* _Required work_:
Leave out the pictures and retype, exactly, the lines below from the line with "x Comme Des" up to and including the line with "Bé Phát hoàn", nothing more.

* _Dataset content_:

-- Opening Marker --

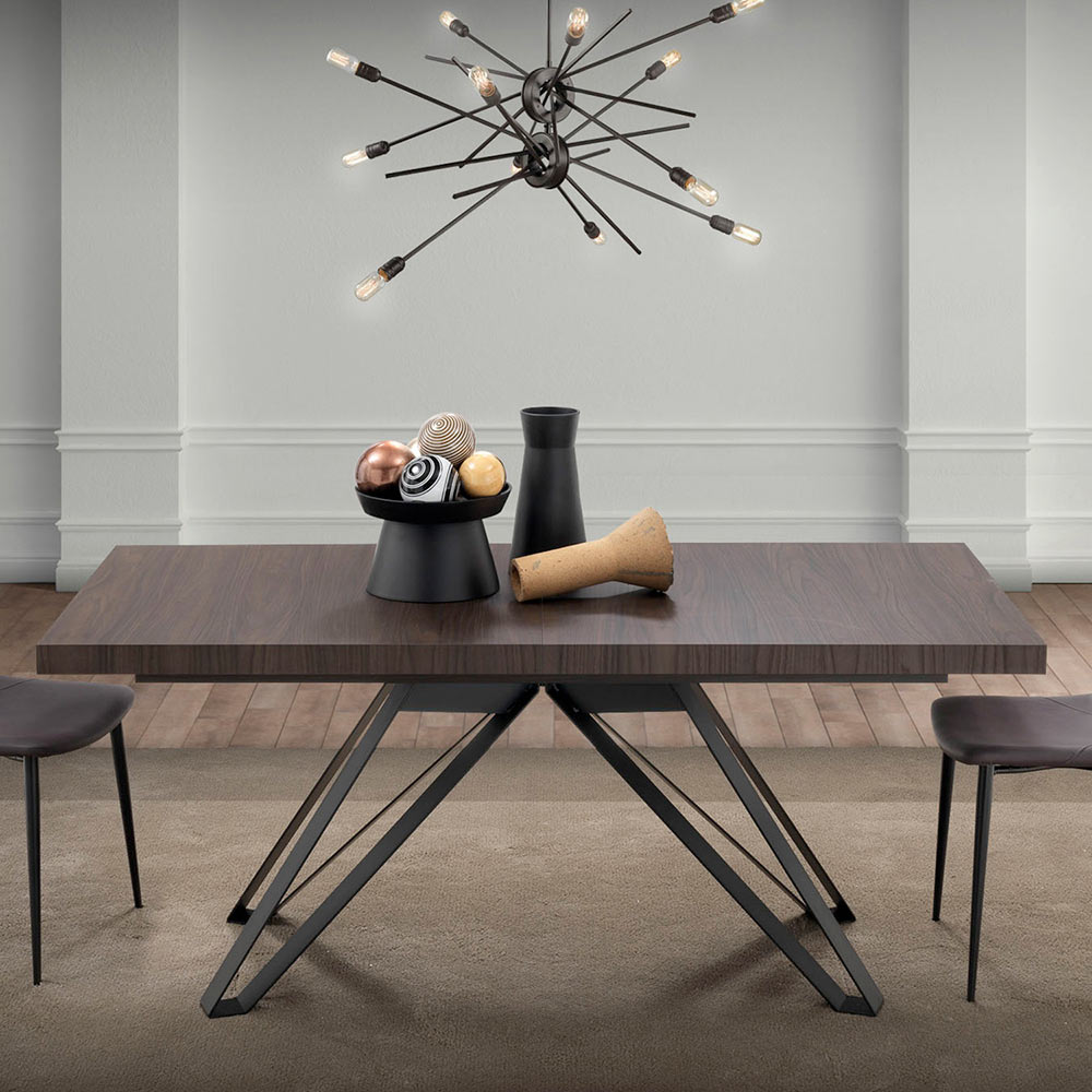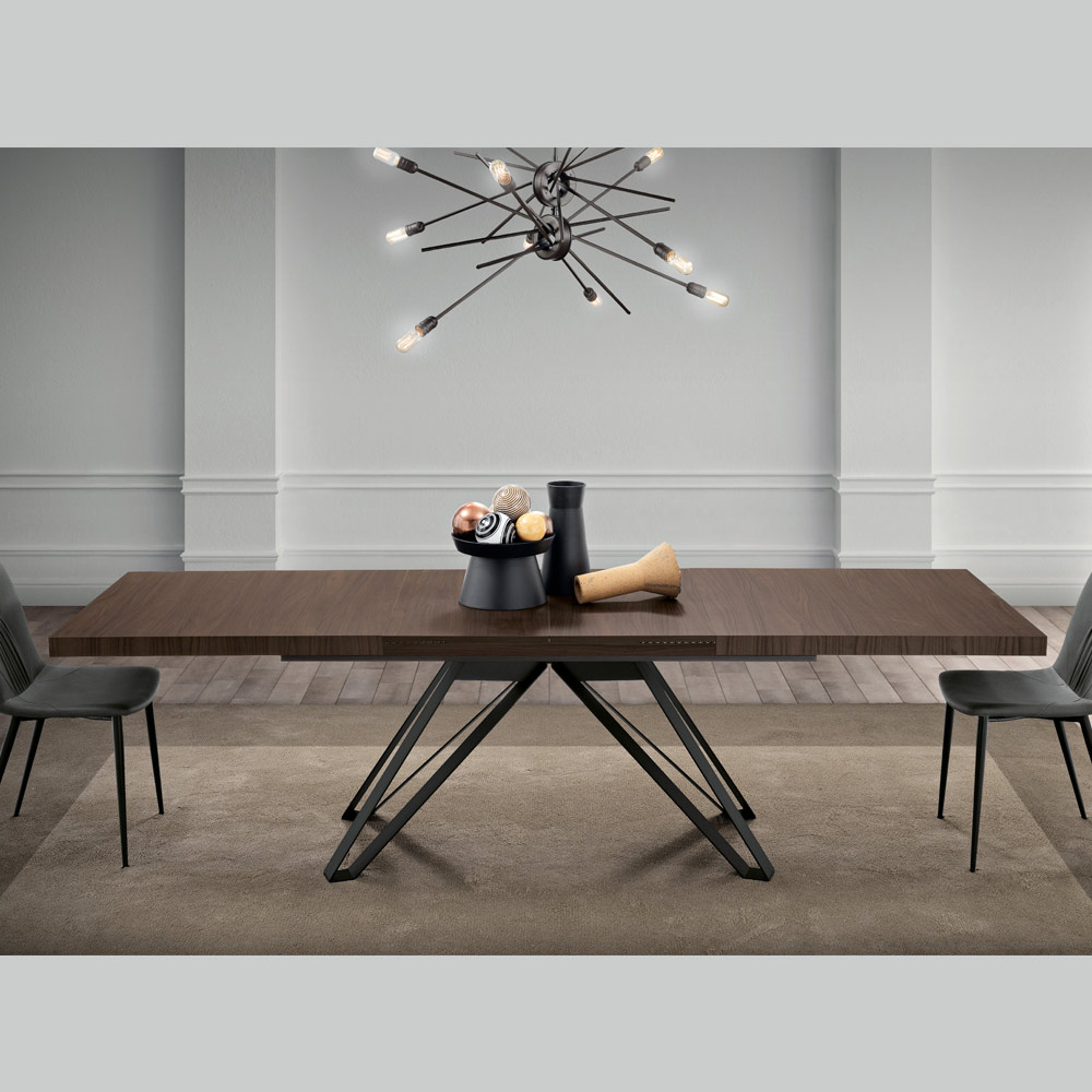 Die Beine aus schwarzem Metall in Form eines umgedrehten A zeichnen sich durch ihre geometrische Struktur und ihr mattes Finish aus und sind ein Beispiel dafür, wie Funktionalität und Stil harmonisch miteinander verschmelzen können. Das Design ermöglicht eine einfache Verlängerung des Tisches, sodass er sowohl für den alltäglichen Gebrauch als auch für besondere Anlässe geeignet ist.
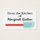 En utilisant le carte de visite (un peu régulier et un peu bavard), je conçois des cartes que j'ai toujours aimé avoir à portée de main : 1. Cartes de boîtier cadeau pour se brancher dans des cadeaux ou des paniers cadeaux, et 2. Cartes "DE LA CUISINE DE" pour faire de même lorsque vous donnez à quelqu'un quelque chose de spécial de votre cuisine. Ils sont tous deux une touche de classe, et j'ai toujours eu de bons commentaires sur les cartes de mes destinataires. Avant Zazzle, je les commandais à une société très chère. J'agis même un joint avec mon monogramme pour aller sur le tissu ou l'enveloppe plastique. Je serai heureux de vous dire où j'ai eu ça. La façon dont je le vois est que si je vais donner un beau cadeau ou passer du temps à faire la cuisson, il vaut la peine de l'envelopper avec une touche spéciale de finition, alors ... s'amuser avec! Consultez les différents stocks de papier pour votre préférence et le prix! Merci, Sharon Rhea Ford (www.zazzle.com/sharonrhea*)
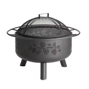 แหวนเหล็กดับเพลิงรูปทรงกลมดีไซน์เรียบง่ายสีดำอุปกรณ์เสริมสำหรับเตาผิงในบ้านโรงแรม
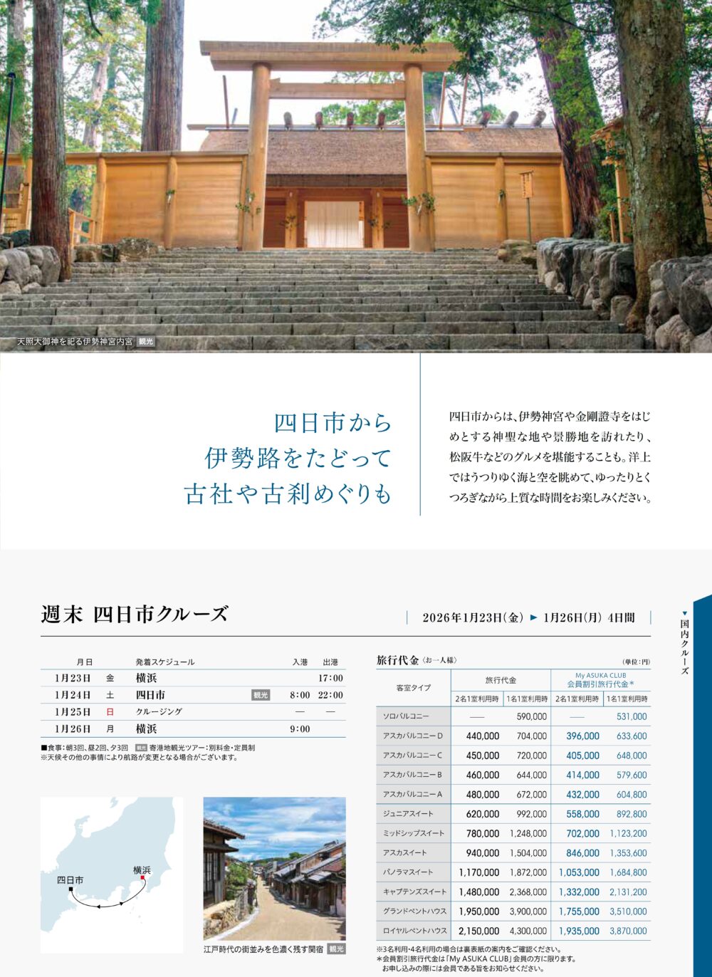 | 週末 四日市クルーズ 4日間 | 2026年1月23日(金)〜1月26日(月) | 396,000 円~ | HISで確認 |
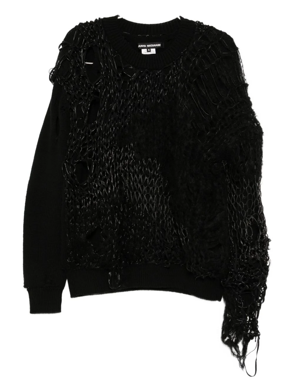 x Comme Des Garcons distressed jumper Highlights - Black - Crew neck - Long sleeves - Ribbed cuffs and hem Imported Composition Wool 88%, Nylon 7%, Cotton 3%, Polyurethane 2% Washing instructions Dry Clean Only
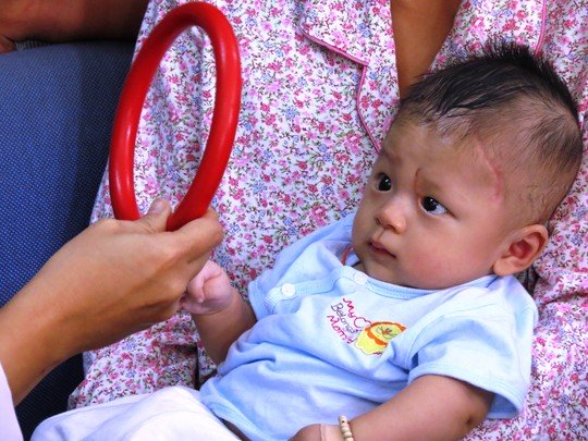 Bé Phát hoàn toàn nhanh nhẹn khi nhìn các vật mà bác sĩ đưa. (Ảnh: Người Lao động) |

-- Closing Marker --
-- Opening Marker --

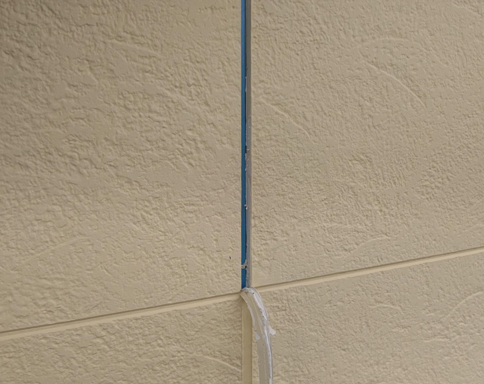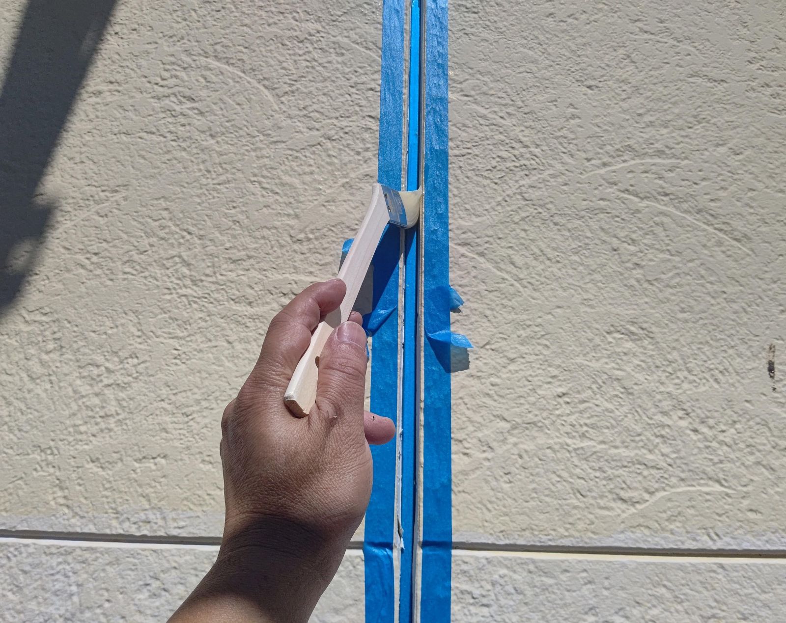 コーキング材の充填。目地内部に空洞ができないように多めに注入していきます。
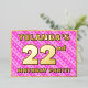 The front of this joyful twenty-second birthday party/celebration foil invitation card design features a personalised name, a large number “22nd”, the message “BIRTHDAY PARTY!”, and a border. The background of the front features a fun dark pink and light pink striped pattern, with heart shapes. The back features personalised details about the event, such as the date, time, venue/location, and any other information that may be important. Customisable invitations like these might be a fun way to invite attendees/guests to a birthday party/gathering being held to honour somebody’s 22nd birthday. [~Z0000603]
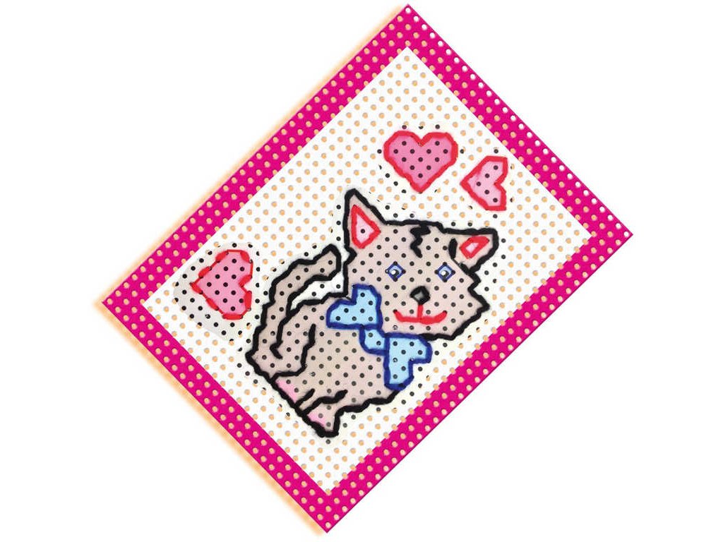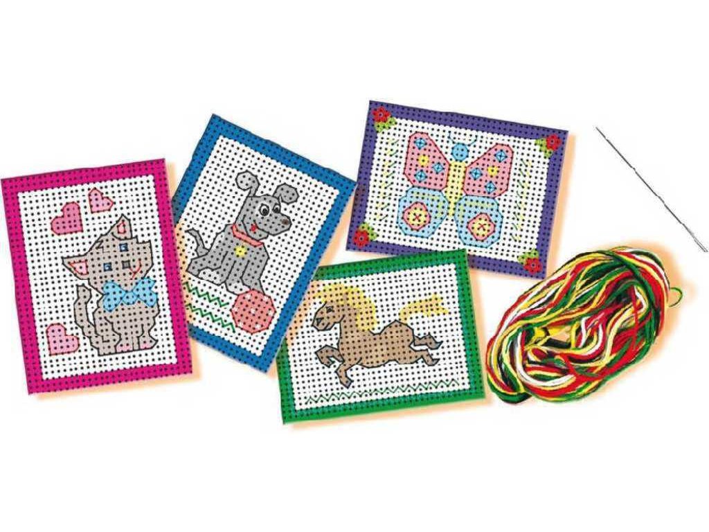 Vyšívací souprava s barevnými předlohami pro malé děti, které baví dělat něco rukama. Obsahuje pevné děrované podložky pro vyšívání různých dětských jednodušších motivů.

-- Closing Marker --
-- Opening Marker --

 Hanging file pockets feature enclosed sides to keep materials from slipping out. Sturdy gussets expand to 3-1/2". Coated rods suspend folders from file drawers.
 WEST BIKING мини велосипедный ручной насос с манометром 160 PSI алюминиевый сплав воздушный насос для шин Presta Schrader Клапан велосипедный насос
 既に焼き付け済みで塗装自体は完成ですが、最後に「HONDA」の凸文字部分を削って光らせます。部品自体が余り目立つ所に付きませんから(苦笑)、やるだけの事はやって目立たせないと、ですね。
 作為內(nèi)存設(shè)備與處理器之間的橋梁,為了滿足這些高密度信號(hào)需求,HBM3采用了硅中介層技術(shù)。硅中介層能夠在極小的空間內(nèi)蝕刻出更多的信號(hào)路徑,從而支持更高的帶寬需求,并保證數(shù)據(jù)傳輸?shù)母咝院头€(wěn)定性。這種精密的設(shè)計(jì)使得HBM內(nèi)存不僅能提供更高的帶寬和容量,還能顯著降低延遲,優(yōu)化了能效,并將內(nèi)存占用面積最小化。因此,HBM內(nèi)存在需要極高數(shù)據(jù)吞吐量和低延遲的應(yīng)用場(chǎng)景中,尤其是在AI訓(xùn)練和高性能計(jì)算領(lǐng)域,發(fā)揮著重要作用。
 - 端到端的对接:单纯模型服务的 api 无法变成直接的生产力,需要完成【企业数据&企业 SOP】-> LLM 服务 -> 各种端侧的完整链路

-- Closing Marker --

* _Solution to the exercise_:
 x Comme Des Garcons distressed jumper Highlights - Black - Crew neck - Long sleeves - Ribbed cuffs and hem Imported Composition Wool 88%, Nylon 7%, Cotton 3%, Polyurethane 2% Washing instructions Dry Clean Only
 Bé Phát hoàn toàn nhanh nhẹn khi nhìn các vật mà bác sĩ đưa. (Ảnh: Người Lao động) |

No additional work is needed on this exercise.